We all have our “Abraham/Sarah moments.”  With almost every major challenge that we confront, whether planned (new job or school, relationship, move, having a child) or unplanned (illness, relationship, having a child), we essentially journey into the unknown.  We make our choices, but when we do, we are largely in the dark, without a clear understanding of what we are really getting ourselves into.  This is frightening for us, as it was for Abraham and Sarah.

But we do not journey alone.  As Rabbi Levy concludes:  The Mystery of the Universe is by our side, has our back and will be with us through the challenges and into the blessings.  The Mystery of the Universe will help us find our way again and again.

Sunday, October 7, 2012

Closing (and Beginning) the Circle



Sometimes, you are closer to your destination than you might think.

In his wonderful book about the Days of Awe, This is Real and You are Completely Unprepared, Rabbi Alan Lew recalls a lesson that he learned from the great Orthodox Rabbi Joseph Solovetchik.  He notes: “If you are moving along the circumference of a circle, it might seem at first as if the starting point is getting farther and farther away, but actually it is getting closer and closer.  The calendar year is such a circle.  On Rosh Hashanah, a new year begins, and every day is one day farther from the starting point; but every day is also a return, a drawing closer to the completion of the cycle.”

If one thinks of our fall holy day season as a kind of marathon, then Simchat Torah represents the finish line—and it is within sight.  After the preparation of the month of Elul, the introspection of Rosh Hashanah and Yom Kippur, and the harvest festival of Sukkot, we at last arrive at a time of pure and unabashed joy.  We exhale a collective sigh of relief: we have been written and sealed in the Book of Life, the harvest is secure—and now, at last, we can celebrate.

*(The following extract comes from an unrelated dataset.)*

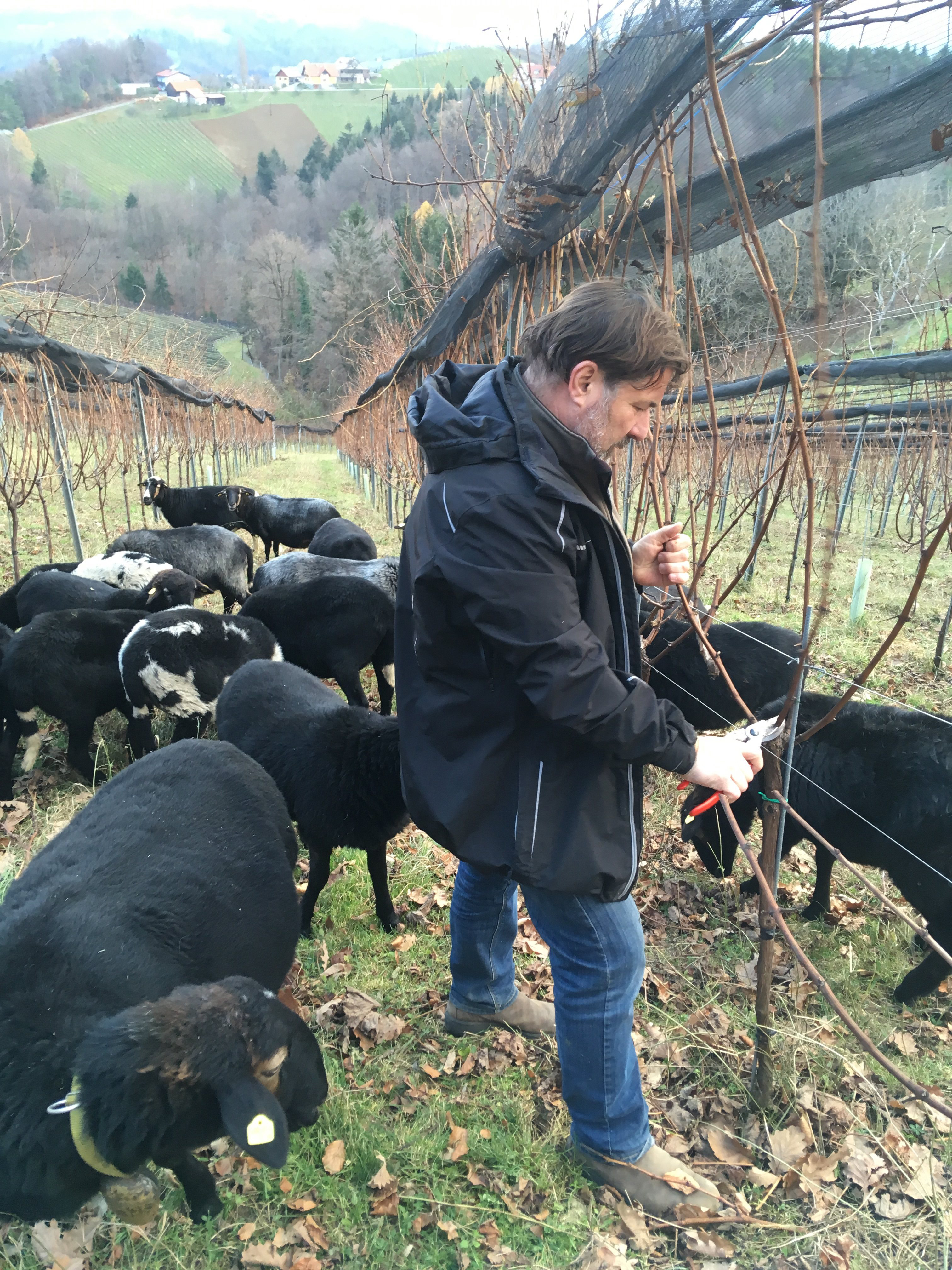 Willi Sattler mit seinen Schafen beim Rebschnitt

We dance, we sing, we stomp and swirl and carry flags and Torah scrolls.   And amidst all this revelry, we welcome our newest students with a ceremony of consecration.  It is a raucous occasion; we’ve paid our dues and now it is time to party.  In the words of Rabbi Michael Strassfeld, “Simchat Torah celebrates a Torah of pure joy, a Torah without restrictions or sense of burden. . . It is a magical moment when all that exists are God and Torah and ourselves.  We throw ourselves into endless circles of dancing and become time lost.”

The circle is, indeed, the central image of the festival.  The Torah scroll circles back on itself, as we conclude the end of Deuteronmy and begin again with the Creation.
Our circle dances echo that circle of the text itself—and the circles that mark the journeys of our individual and communal lives.

Most marathons follow a circuit route: the finish and the starting lines are the same.  So, too, in so much of life: we end up, essentially, back where we began. 

But what matters is what we see and do along the way—the twenty six miles of the marathon, or whatever the years allotted to us.  “In the beginning” God creates the world.  At Torah’s end, Moses dies.  In between, in both the words and the spaces, life is lived.  And then God creates the world anew.  Turn it and turn it, for everything is in it.

Chag sameach—a joyous end of Sukkot and Simchat Torah to all.